Spring Valley closed its IPO of 23,000,000 units at a price of $10.00 per unit on September 5, 2025, which includes the exercise in full by the underwriters of their overallotment option to purchase an additional 3,000,000 units. Total gross proceeds from the offering were $230 million before deducting underwriting discounts and commissions and other offering expenses payable by the Company.

The units began trading on the Nasdaq Global Market (Nasdaq) under the ticker symbol “SVACU” on September 4, 2025. Each unit consists of one Class A ordinary share of the Company and one-third of one redeemable public warrant. Each whole warrant entitles the holder thereof to purchase one Class A ordinary share of the Company at a price of $11.50 per share. Once the securities comprising the units begin separate trading, the Class A ordinary shares and warrants are expected to be listed on the Nasdaq under the symbols “SVAC” and “SVACW,” respectively.

Spring Valley is a Cayman Islands–incorporated blank check company formed for the purpose of effecting a merger, share exchange, asset acquisition, share purchase, reorganisation or similar business combination with one or more businesses.
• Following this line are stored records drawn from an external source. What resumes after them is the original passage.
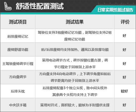 在主驾驶座椅测试中,评测车的主驾驶座椅最前端和最末端之间的距离达到270mm,在测试过的同级别车型中处于上游水平,能够满足绝大部分驾驶者的使用需求。
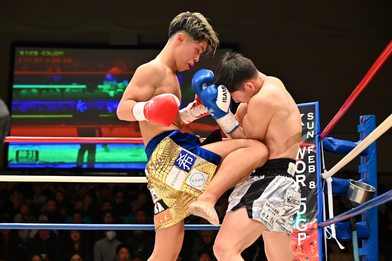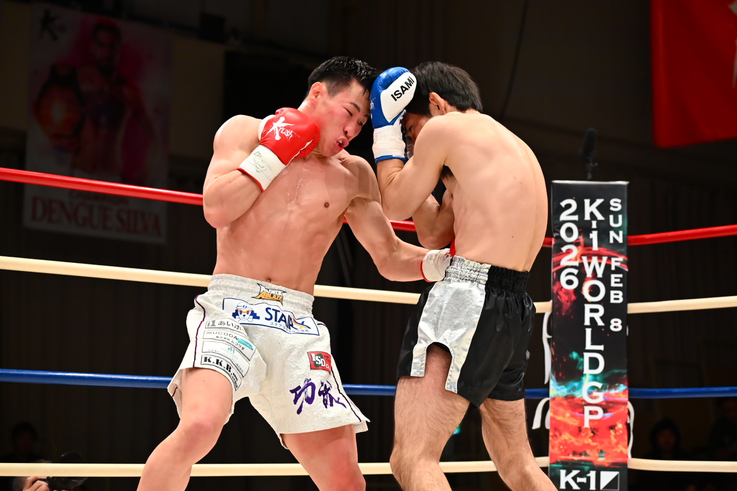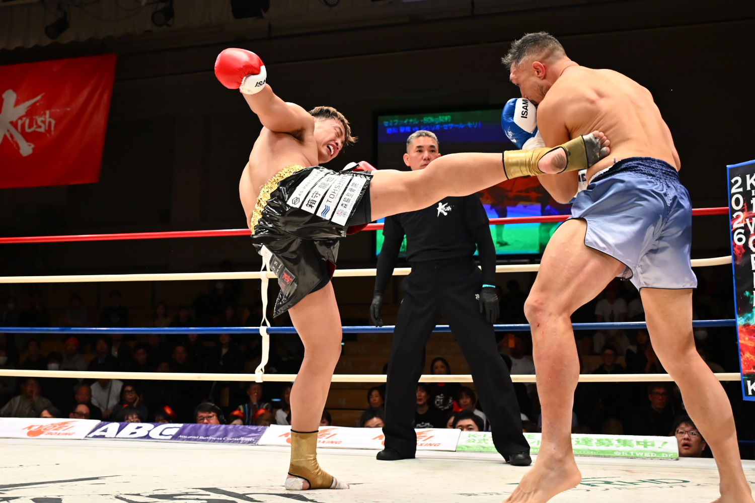 1R、坂本が序盤から積極的に攻め、右フックを連打してから、左ミドルキックで倒し、ダウンを奪う。2Rも序盤から右フックの連打でダウンを奪うと、さらに右フックでダウンを奪ったところで、山浦陣営がタオルを投げ、レフェリーもストップした。
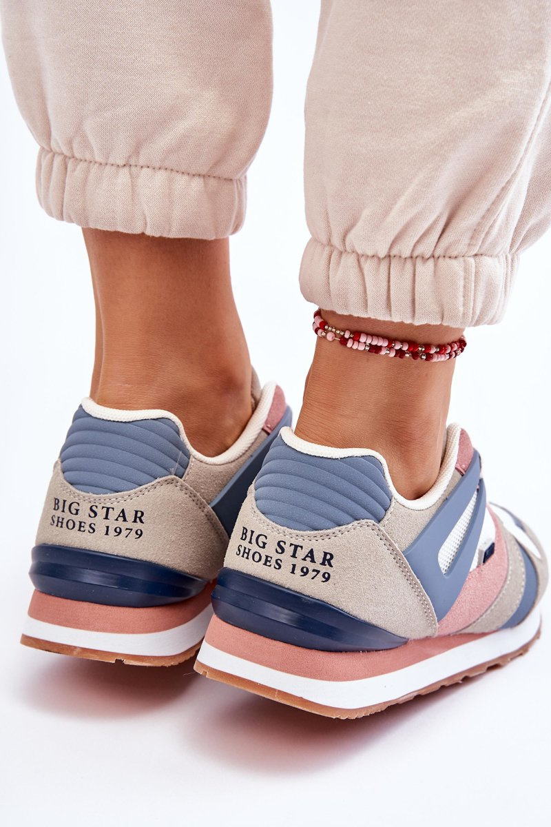 Pohodlné tenisky Big Star jsou vyrobeny z kombinace látky a eko semiše. Skvělý každodenní model. Vložka Memory Foam System si pamatuje tvar chodidla, poskytuje dokonalé přizpůsobení, tlumí nárazy, je odolná proti deformaci a umožňuje odpařování vlhkosti a regulaci teploty. Tyto boty byly umístěny na platformě. Navíc mají vyztuženou patu. Při výběru velikosti se řiďte tabulkou velikostí.
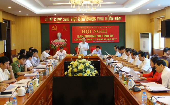 Ngày 16-10, đồng chí Trần Quốc Tỏ, Ủy viên Trung ương Đảng, Bí thư Tỉnh ủy, Trưởng Đoàn đại biểu Quốc hội tỉnh đã chủ trì Hội nghị Ban Thường vụ Tỉnh ủy lần thứ 27, tháng 10-2017. Dự Hội nghị có các đồng chí: Bùi Xuân Hòa, Phó Bí thư Thường trực Tỉnh ủy, Chủ tịch HĐND tỉnh; Vũ Hồng Bắc, Phó Bí thư Tỉnh ủy, Chủ tịch UBND tỉnh, đại diện các Ban Đảng Trung ương, lãnh đạo các sở, ngành, địa phương liên quan.
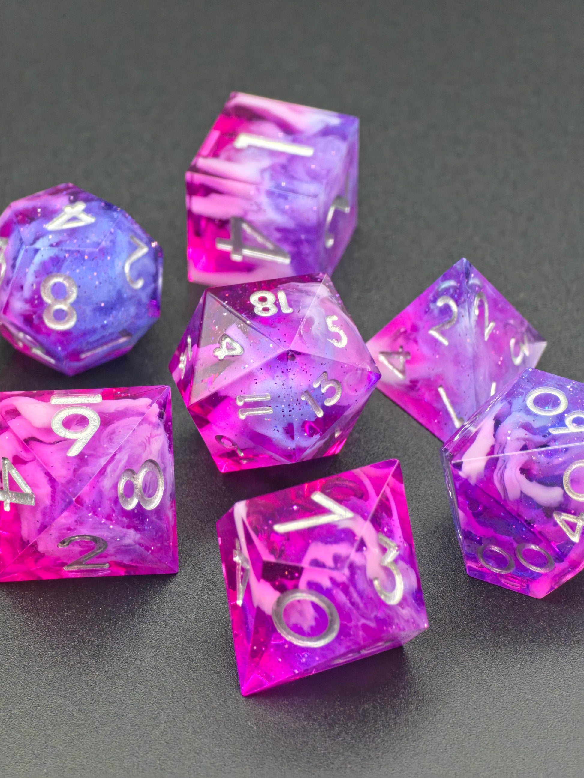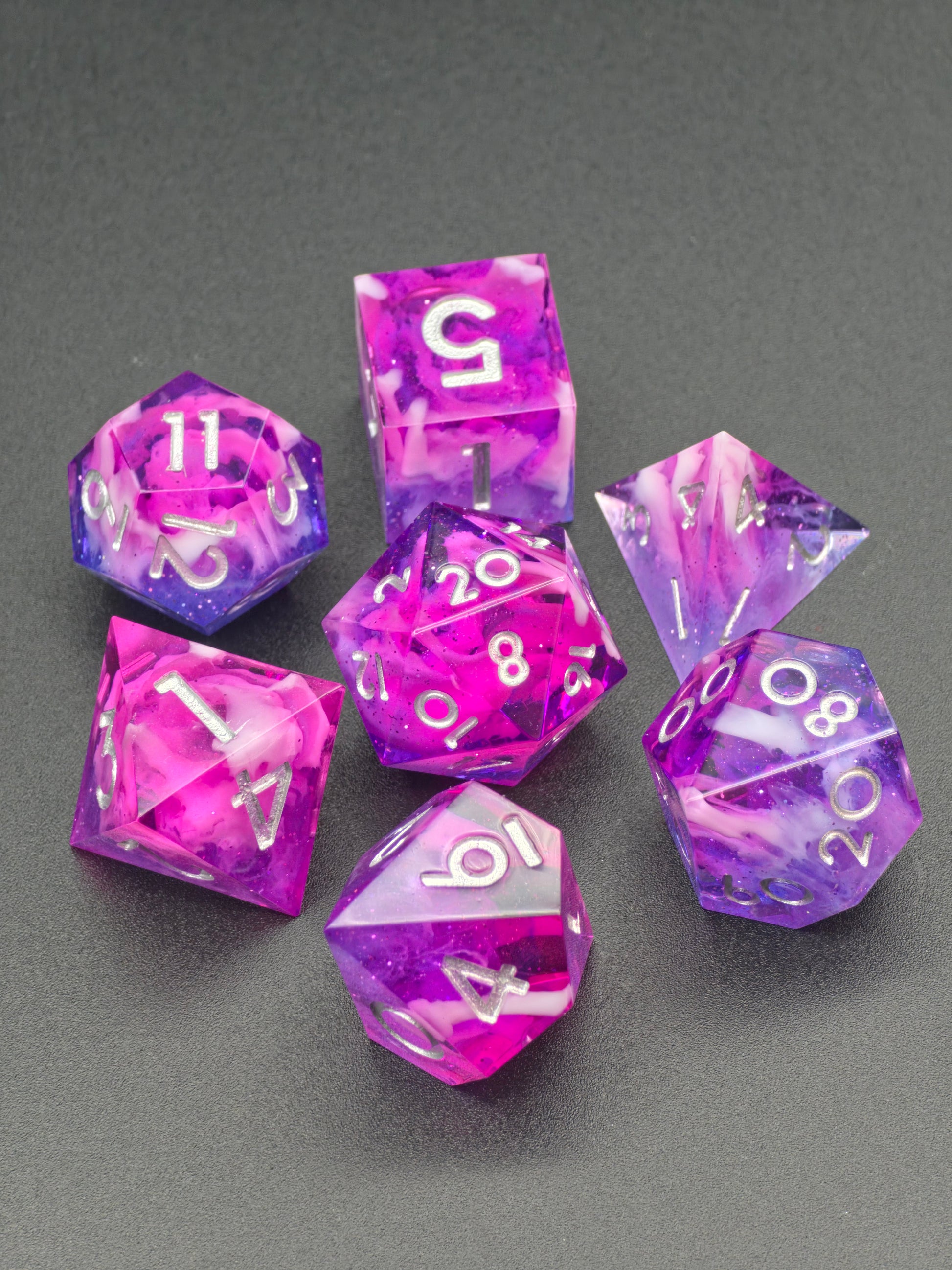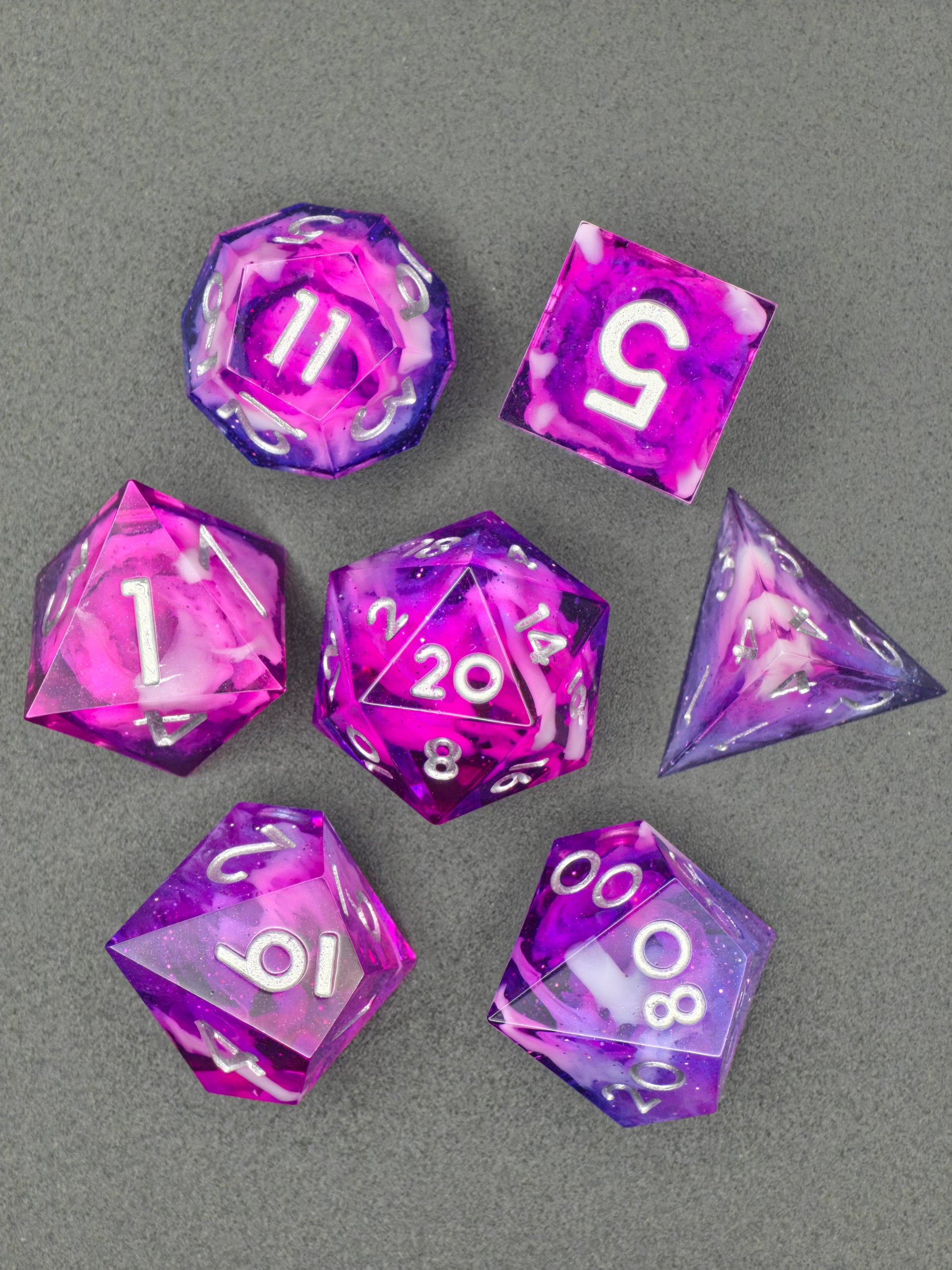 Astral Orchard – Handgemachtes DnD Würfelset violett rosa mit Petri Effekt und silbernen Zahlen | 7-teiliges Polyhedral Set | Resin Dice | TTRPG RPG Würfel
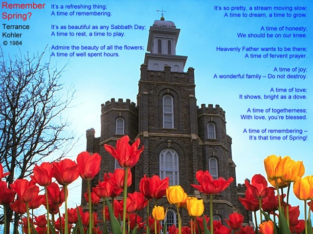 [This poem was written by Terrance Kohler, long before he met Elder & Sister Burt]
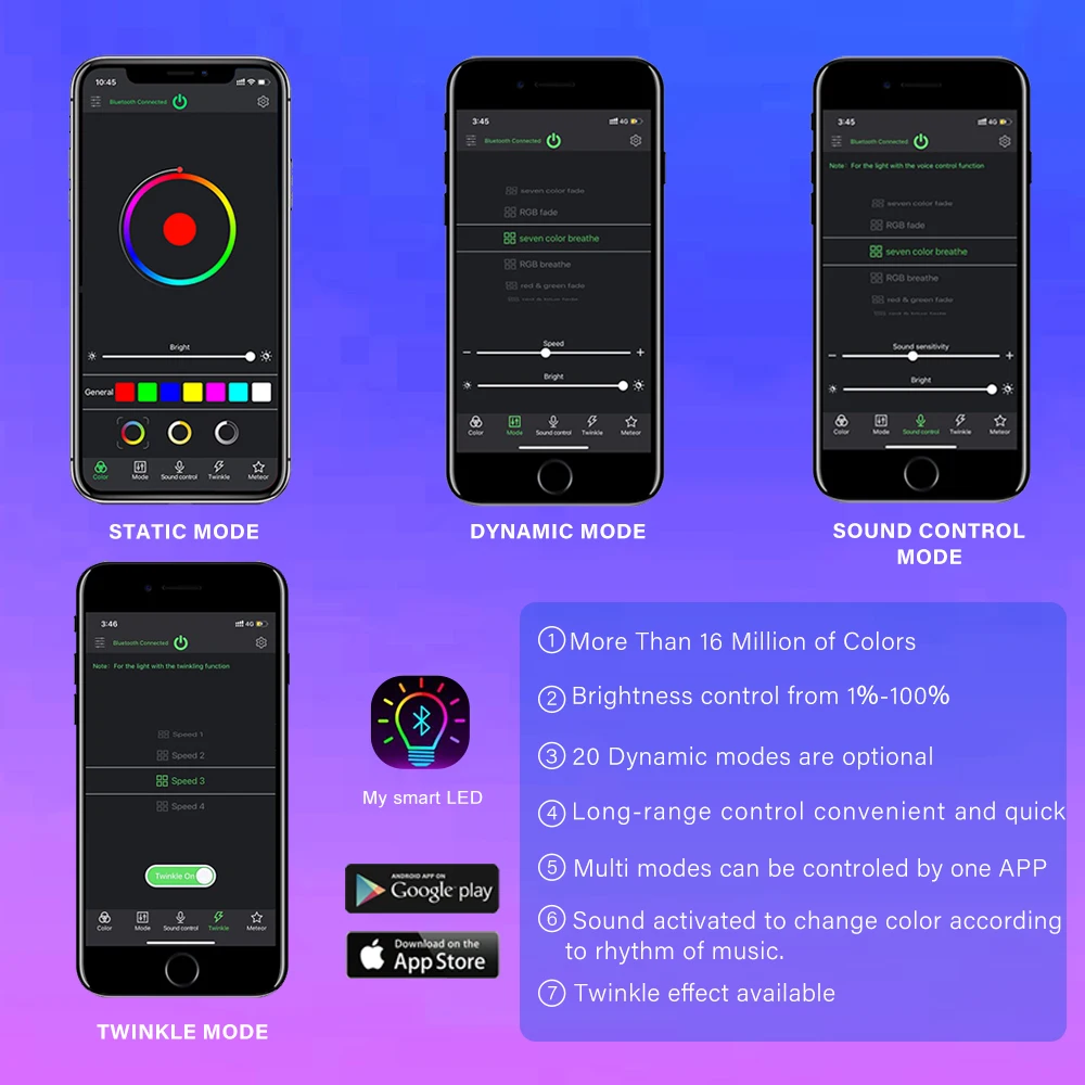1x 50W RGBW twinkle light engine(Bluetooth APP control+ Sound control)

Appleby advised on the Cayman Islands legal aspects of the transaction, drawing on its deep experience in SPAC IPOs and capital markets regulation. The Appleby team was led by Counsel Alexandra Low, alongside Partner Simon Raftopoulos, Paralegal Sophia Cunningham and other members of the Appleby corporate team.

By advising on this transaction, Appleby further demonstrates its expertise in handling complex SPAC and public offering deals globally.